Neu im Innenausschuss

Anträge zu Asylgesetz, Vereinsgesetz, Symbole-Gesetz und Staatsbürgerschaftsgesetz sowie zu Maßnahmen im Bereich Sicherheit

Wien (PK) – Eine Anpassung im Asylgesetz streben die NEOS an, damit Flüchtlings-PatInnen nicht mehr für die Kosten von Abschiebungen haften müssen. Um die Schaffung einer Möglichkeit, Vereine aufzulösen, deren Ziele oder Handlungen mit der verfassungsrechtlichen Grundordnung unvereinbar sind, geht es der ÖVP. Außerdem macht sie sich für ein Verbot der Symbole der Identitären stark. Die FPÖ schlägt die Ausarbeitung von Maßnahmen zur Bekämpfung des politischen Islams vor. Die Liste JETZT möchte ÖsterreicherInnen Mehrfach-Staatsbürgerschaften ermöglichen.

NEOS: Haftung von PatInnen für Abschiebungs-Kosten abschaffen

Personen, die eine Patenschaftserklärung für in Familien aufgenommene Flüchtlinge abgegeben haben, sollten nicht für die Kosten von Abschiebungen haften müssen, meinen die NEOS und fordern daher eine entsprechende Änderung im Asylgesetz (999/A). Laut derzeitiger Gesetzeslage haften die PatInnen nicht nur für die Kosten die durch den Aufenthalt des Fremden entstehen, sondern auch für jene im Falle einer Abschiebung.
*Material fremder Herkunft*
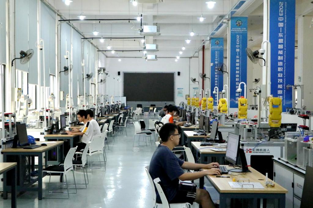 2023中国—东盟智能制造职业技能邀请赛将于9月16日在学校明理楼1+X工业机器人考培中心举办。目前,赛事所需的设备设施等均已配置到位,来自中国和东盟国家的20所高职院校的技能精英将在此竞技角逐。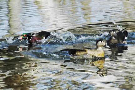 Canard branchu pourchassant un autre canard branchu mâle

Diese könnten sich laut Antrag auf mehrere tausend Euro belaufen. Antragstellerin Stephanie Krisper findet das unverhältnismäßig, da die Privatpersonen bereits bei der Unterstützung von Asylsuchenden sowohl finanziell als auch unter persönlichem Einsatz einspringen würden.

ÖVP will Identitäre auflösen und deren Symbole verbieten

Die ÖVP-Fraktion hat einen Antrag vorgebracht, um Vereine, deren Ziele oder Handlungen mit der verfassungsrechtlichen Grundordnung unvereinbar sind, künftig auflösen zu können (1017/A). Die Befürwortung von rassistischen Anschauungen sei nicht mit den fundamentalen Werten einer Demokratie vereinbar, ebenso wenig Ideologien des politischen Islams, meint Antragsteller Karl Mahrer. Es dürfe in der Öffentlichkeit nicht der Eindruck entstehen, dass der Staat derartige Ziele oder Handlungen durch Duldung einschlägiger Vereine legitimiert. Durch Anpassung des Symbole-Gesetzes soll das Symbol der Identitären Bewegung in Österreich - das griechische Lambda auf schwarzem Grund im gelben Kreis - verboten werden. Auf Basis der vorgeschlagenen Änderungen im Vereinsgesetz fordert die ÖVP den Innenminister in einem Entschließungsantrag (1018/A(E)) dazu auf, eine Prüfung des Verbots von Vereinen der Identitären Bewegung sowie Vereinen, die den politischen Islam verbreiten, in die Wege zu leiten.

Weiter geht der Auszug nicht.